What happens to your DNA when you are traumatized? Recent discoveries in genetic science (a new subfield called epigenetics) reveal that a process called methylation/demethylation covers/uncovers portions of the genome, causing that part of the genetic code to activate/deactivate, triggering biochemical, cellular, organic, and system changes in the body. What causes methylation and demethylation? Introduction of certain chemicals or forces into the body from the environment (food, changes in light frequencies, temperature, pollution, etc), a change in some other process in the body that releases enzymes/proteins that influence methylation, or --that's right-- sufficiently impactful thoughts and emotions. Your genome is the 88 keys of the piano; your gene expression is the music that gets played on it (or not). Herein lies the mind-body connection.
This is in direct contradiction to Darwin's theory that biologically inherited traits (what much later was discovered to be genes) are unchanged by experience and not passed on biologically from mother and father to child. However, it turns out that not only do epigenetic changes alter expression and suppression of genomic potentials, it has been proven in recent research that many also get passed down from mother (and it is hypothesized also father) to infant. This is where trauma comes into the story.
Trauma alters your DNA expression. In other words, it can cause a person to develop PTSD or something less clinical but also harmful. If unresolved in a parent, it can get passed down to the next generation. Add whatever trauma that NextGen experiences, and it may alter other genetic expression in a detrimental way. Generations of slavery, terror, abuse, neglect, discrimination, implicit bias, and the mentality of The Bell Curve all get passed down. This is not fake news. This is not pseudoscience. It is verified scientific fact born out in what you see in our society. It is my brother. Add this to the psychosocial and sociological dynamics that get passed down, and you have the recipe for how we got here.
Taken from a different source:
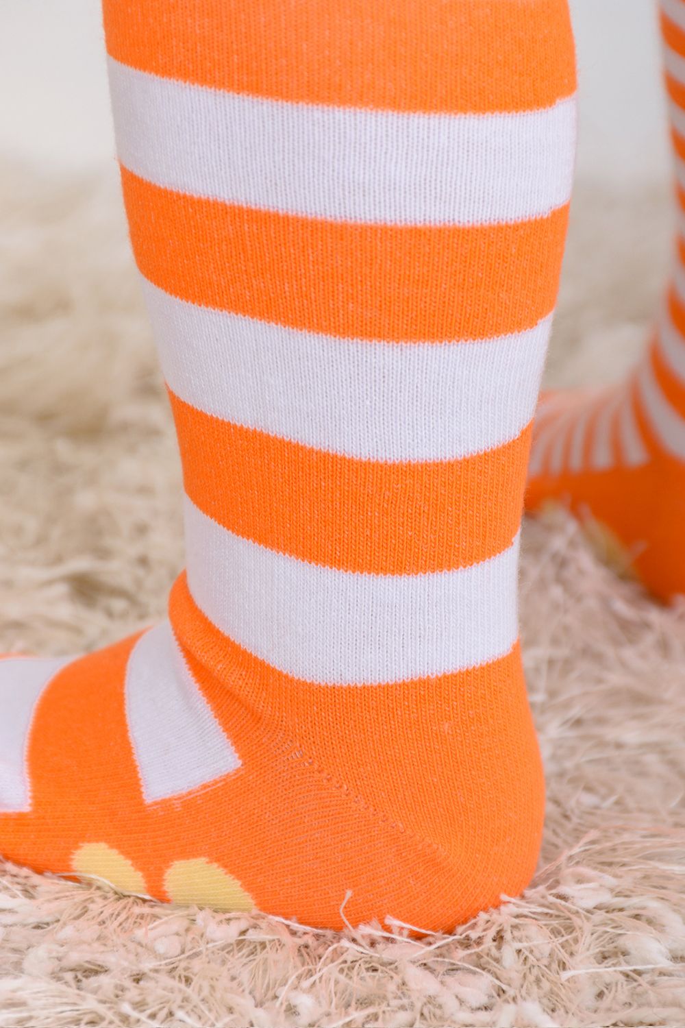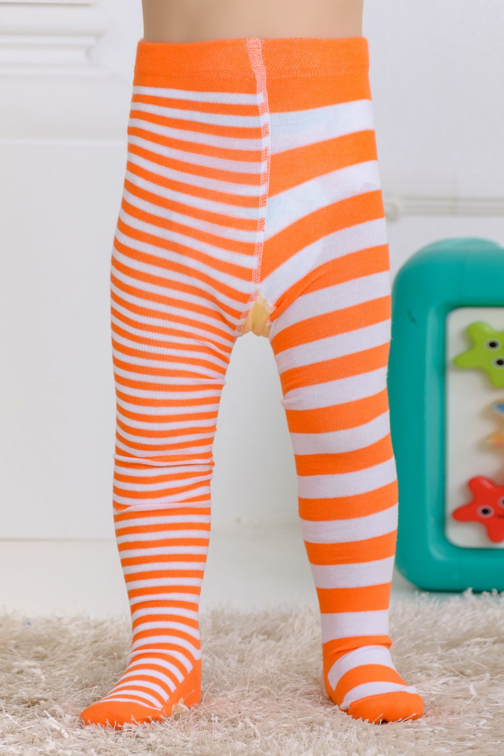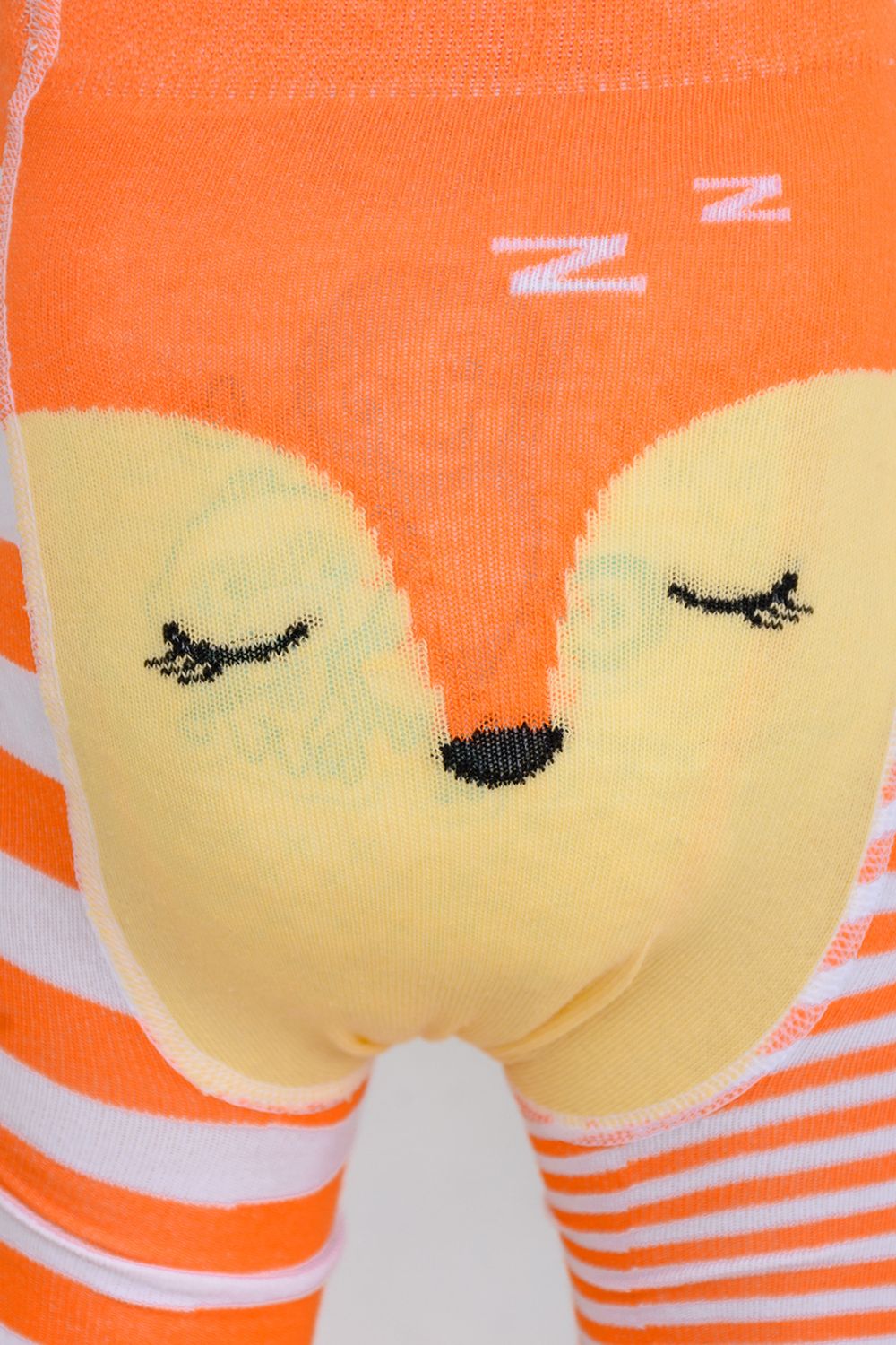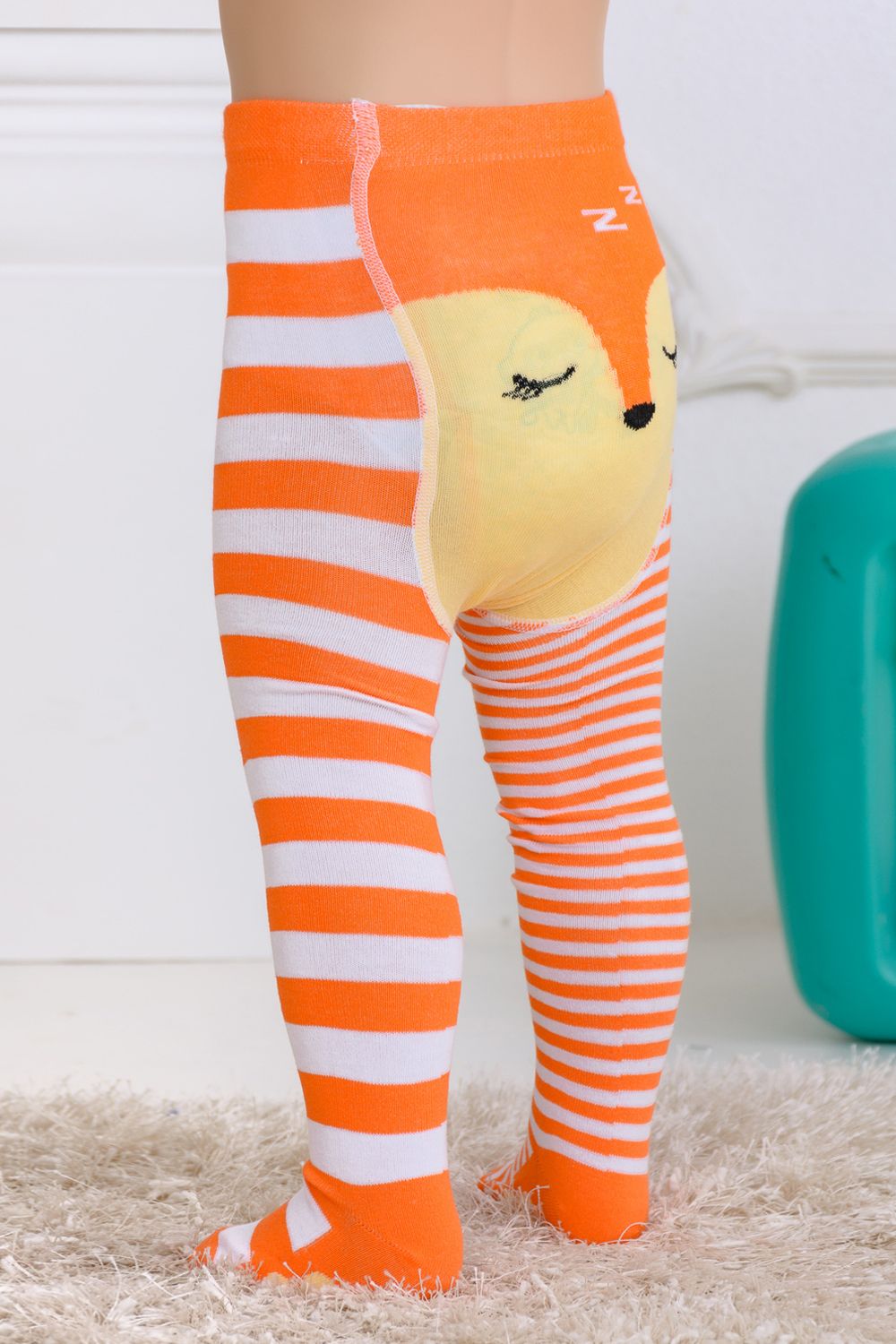 Яркие колготки для малышей. Оригинальная расцветка в полоску - по одной ножке широкая полоса, по другой - узкая. На стопе вывязаны милые лапки, сзади - мордочка спящего лисенка

So the next time you hear or read about the Bell curve, think about the one implanted in your mind by Society. And think about Ernie and the rest of us.
The damage of Social Darwinism, of slavery; of racial terror, abuse, and discrimination; of the Holocaust and generations of antisemitism; of all forms of White Supremacy, and of all atrocities and trauma inflicted upon our human family by our human family; all of these are passed down to us from our ancestors.
The good news is that, through skillful means, they can also be healed so that the chain is broken. But they cannot/CANNOT be ignored, dismissed, or minimized without inflicting further harm to Humanity.